Les grandes chaînes de supermarchés comme Tesco ou Sainsbury's travaillent avec leurs fournisseurs pour identifier retards, pénuries et hausses de prix susceptibles d'intervenir et ont repéré des fournisseurs alternatifs, selon des sources du secteur.

L'incertitude est particulièrement pesante pour le secteur manufacturier pour lequel toute restructuration de la production est risquée vu la faiblesse de ses marges. Il retient ses investissements et se prépare à de nouvelles règles qui lui permettraient de vendre en Europe même s'il n'y a pas d'accord.

"Le retard est si important et l'incertitude si grande que les entreprises sont obligées de lancer la mise en oeuvre de leurs plans", souligne le patron d'un grand groupe britannique.

Paul Drechsler, président de la fédération patronale CBI (Confederation of British Industry), conclut que les entreprises doivent se préparer au pire, tout en espérant le meilleur.

"Aucune société ne souhaite déplacer des emplois ou sa production mais elles le feront s'il le faut", a-t-il dit. "Il n'y a pas de temps à perdre. Pour l'instant, elles ont besoin de connaître les détails d'un éventuel accord de transition; il y a péril en la demeure à ce sujet".

Londres et Bruxelles s'efforcent de reprendre les négociations cette semaine mais le président d'une banque internationale a rapporté que ses dirigeants avaient décidé de se préparer au pire lors d'une conférence téléphonique mardi.

"La question n'est plus de savoir si nous transférons (des activités vers l'UE) mais l'ampleur de ces transferts", a-t-il dit.

Tout comme d'autres dirigeants d'entreprises, le conseil d'administration de son groupe et le gouvernement lui ont demandé de ne pas divulguer leur stratégie à ce sujet.

FRUITS ET BOEUF

Il a précisé que certains cadres avaient été informés en novembre qu'ils seraient relocalisés sur des sites en Europe.

Un responsable d'une grande banque américaine a ajouté qu'il redoutait de plus en plus que le gouvernement de Theresa May saute après la rupture des négociations concernant la frontière irlandaise.

"Nous sommes à un niveau de risque maximum", a-t-il dit.

Dans d'autres secteurs, les entreprises réalisent de petits changements qui leur permettront d'être actives en Europe après le Brexit, qui vont de la mise en conformité à l'établissement d'une liste de fournisseurs alternatifs ou encore à la recherche d'espaces de stockage supplémentaires.

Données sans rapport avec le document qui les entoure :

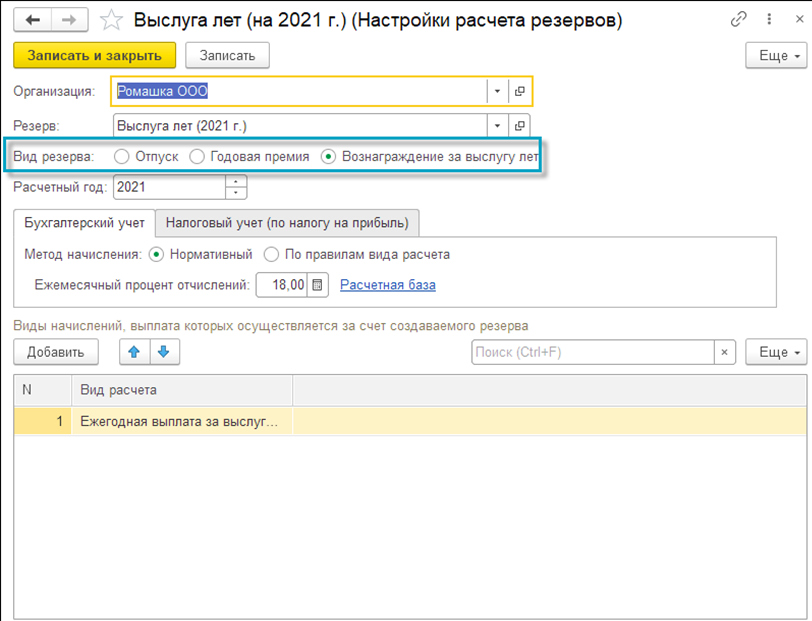 Здесь непосредственно и осуществляется настройка порядка расчета. При создании новой настройки следует указать организацию, резерв и уточнить вид создаваемого резерва (отпуск, годовая премия и т.п.).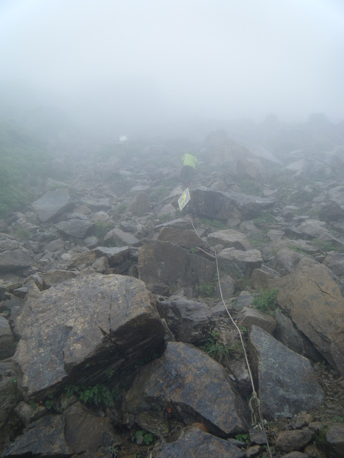そして頂上へ到着。67座目の百名山である。ごらんの通り辺りは真っ白。風も強くてじっとしてると非常に寒い。つーか僕の登山人生こんなのが多いわ。去年の吾妻山、磐梯山、蔵王の東北シリーズもこんな感じだった。つーか梅雨時に登るからこうなるのか???まぁとりあえず67座目の百名山に登頂した。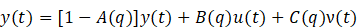 \ref{fig.1}. We define A(q), B(q) and C(q) as polynomials of known orders follows: In a generic way, it is presumed that y(t) = 0, u(t) = 0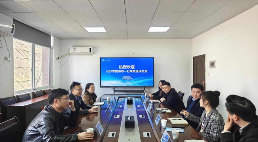 3月20日上午,长沙学院招生与就业指导处处长黎文普一行来雷竞技官网调研座谈。招生就业处处长田上、副处长李娜及各科室负责人参加调研。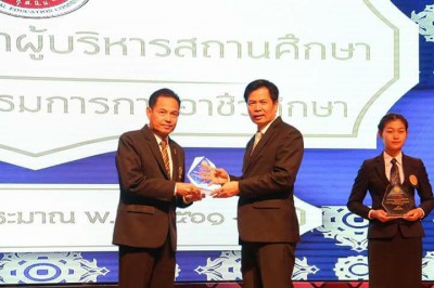 ดร.สุเทพ ชิตยวงษ์ เลขาธิการคณะกรรมการการอาชีวศึกษา เป็นประธานมอบโล่และเกียรติบัตร แก่นายอำนวย นวลจันทร์ ผู้อำนวยการวิทยาลัยอาชีวศึกษาชุมพร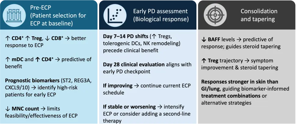 During the consolidation phase of ECP, several biomarkers can help inform decisions around treatment tapering and long-term disease control. In skin-predominant cGvHD, lower BAFF levels (<4 ng/mL at 1 month) have been shown to predict clinical response or complete remission at 3–6 months, supporting corticosteroid tapering, whereas persistently elevated BAFF is associated with poorer outcomes.11 Over extended courses, a rising trajectory of circulating Tregs often parallels symptomatic improvement and steroid reduction, indicating PD evidence of disease control.12 ECP responses are typically more pronounced in skin involvement and less robust in severe gastrointestinal or pulmonary disease, indicating where biomarker-informed treatment combinations or alternative therapeutic strategies may be most beneficial.13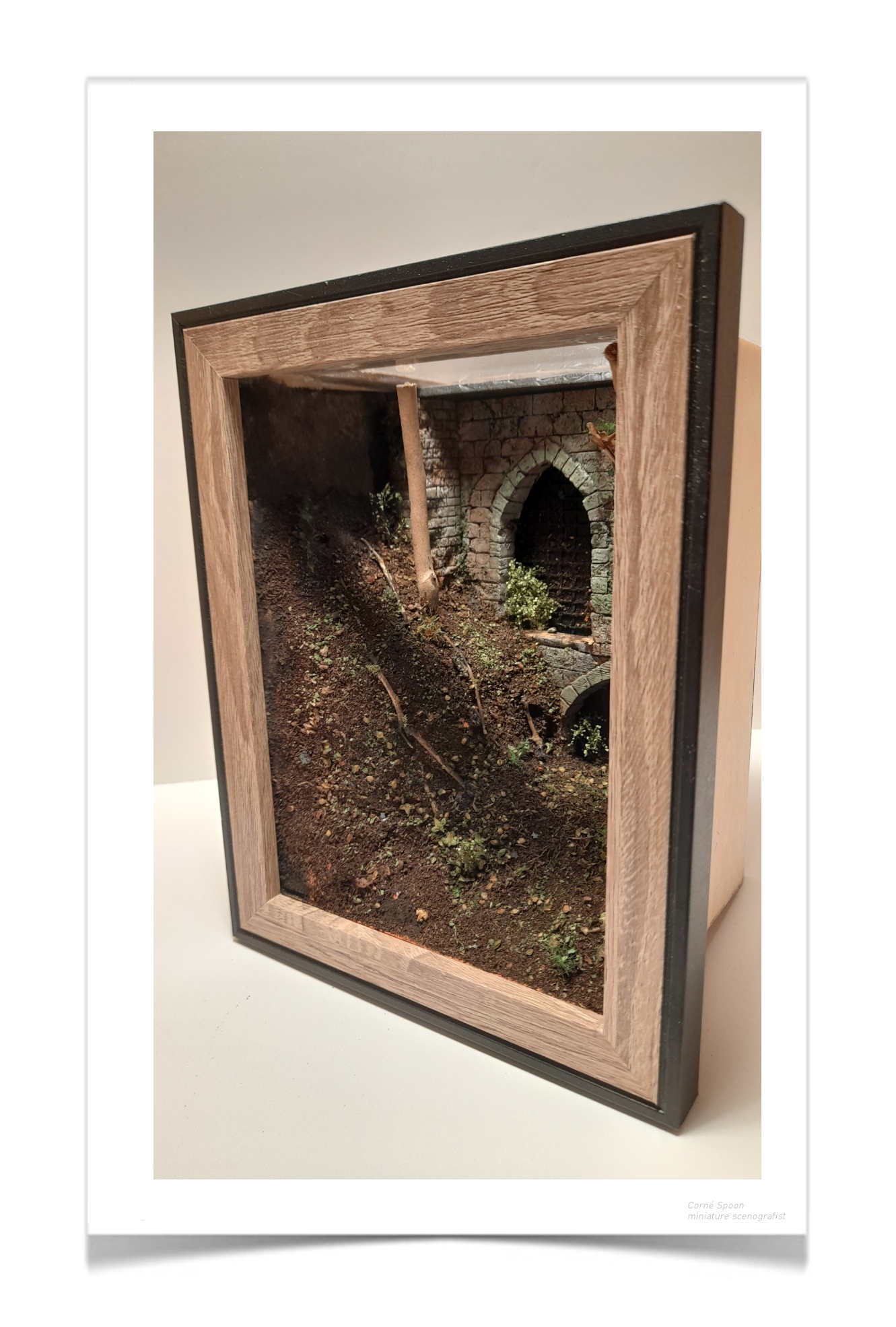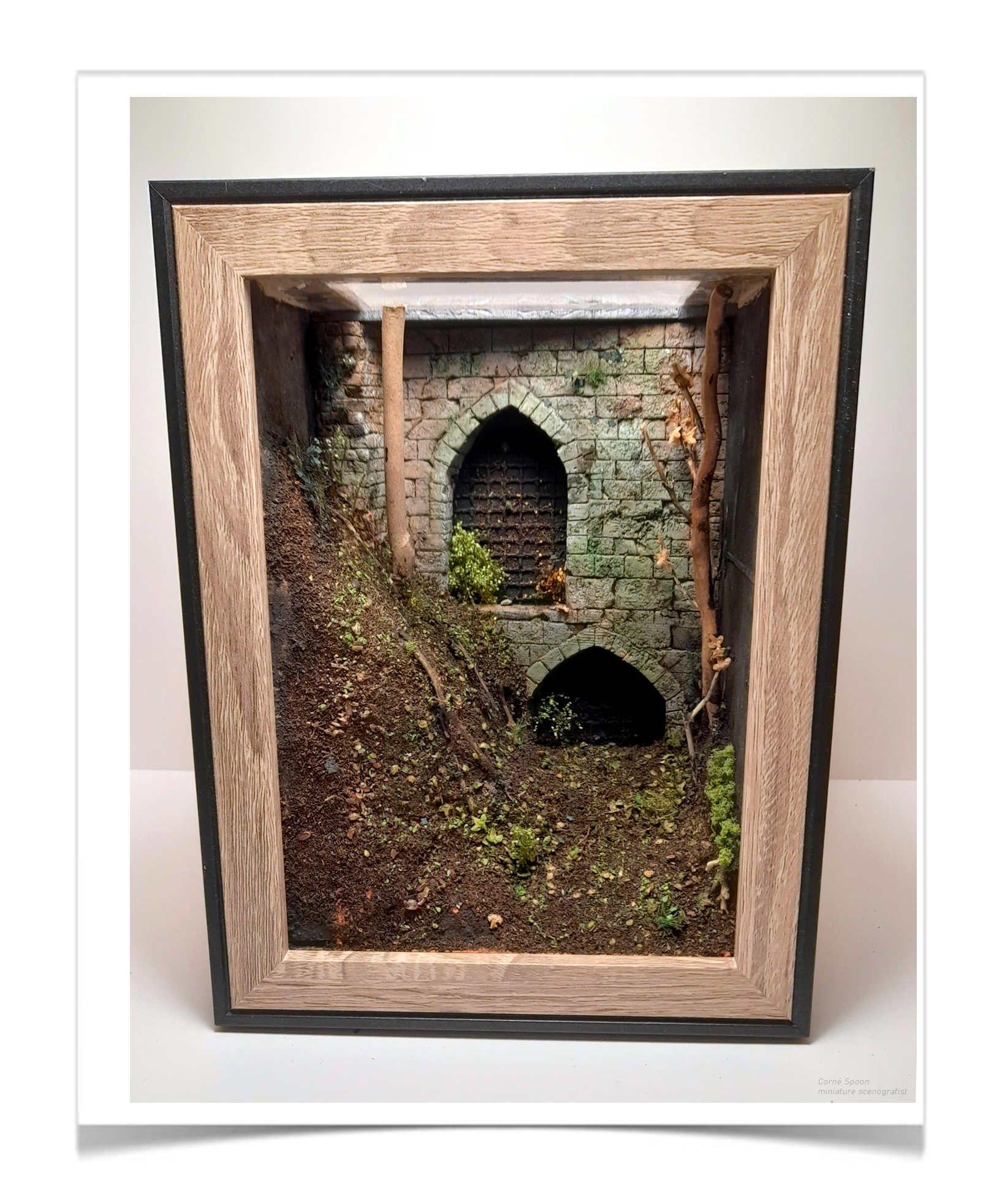De onderste boog leidt naar de vochtige kelders, waar volgens de lokale folklore nog steeds een kist met gouden dukaten staat—bewaakt door een nukkige trol. De bovenste poort, afgesloten met een zwaar ijzeren hek, fluistert verhalen over ridders die hier heimelijk ontsnapten aan de vijand. Wie goed kijkt, ziet de takken trillen. Is het de wind, of zoekt er een piepkleine bewoner een weg door het mos naar buiten?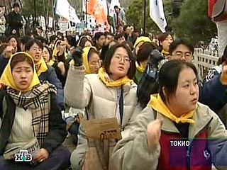 В воскресенье утром эти же люди устроили митинг около российского посольства в Токио, заблокировав улицу, на которой оно расположено. В целях безопасности полиция была вынуждена поставить прямо у выезда из посольства свой автобус.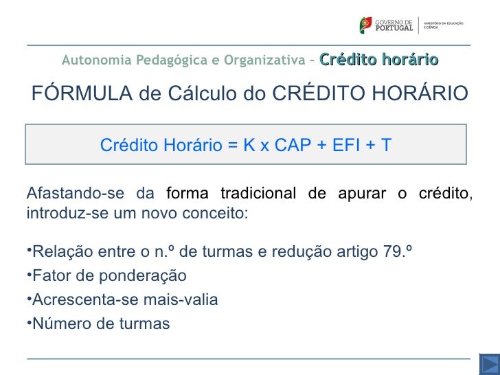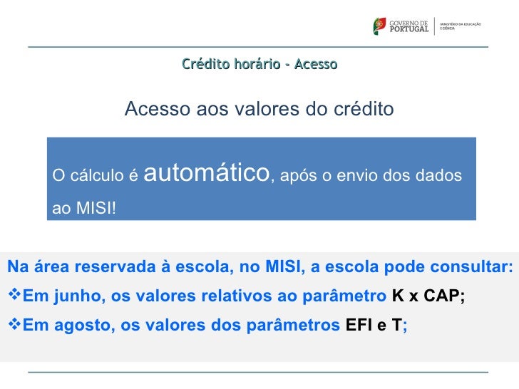 56. 56. Crédito horário - Acesso Acesso aos valores do crédito O cálculo é automático, após o envio dos dados ao MISI!Na área reservada à escola, no MISI, a escola pode consultar:Em junho, os valores relativos ao parâmetro K x CAP;Em agosto, os valores dos parâmetros EFI e T;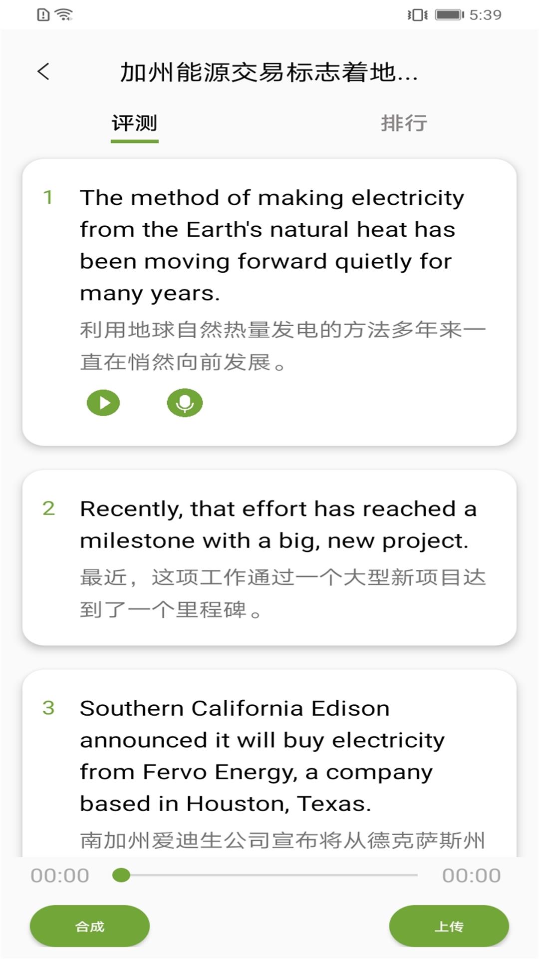 此功能借助智能语音技术,当您跟读原句发音时,它能够自动对您的发音水平进行评估,精准定位发音错误之处,还能纠正发音缺陷。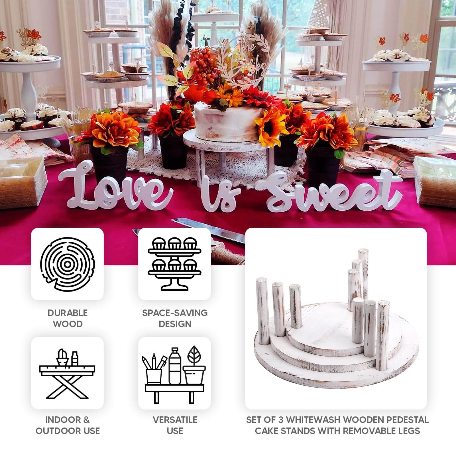 - Note: Listing is for Wooden Cake Stands only. Any other decorative accessories are not included.

Les distributeurs alimentaires dressent la liste de fournisseurs potentiels au Royaume-Uni ou en dehors de l'UE pour le cas où des blocages à la frontière ou de nouveaux droits de douane perturberaient les livraisons. Environ 30% des aliments et des boissons consommés au Royaume-Uni proviennent de l'Union européenne.

Certains de ces changements devraient se faire dès le début de l'an prochain pour être opérationnels d'ici mars 2019. Changer de fournisseur de fruits par exemple se décide parfois un an à l'avance, en fonction du cycle des cultures.

Dans l'industrie manufacturière, de nombreux dirigeants suspendent leurs projets tant qu'il ne savent pas de quoi l'avenir sera fait pour el Royaume-Uni.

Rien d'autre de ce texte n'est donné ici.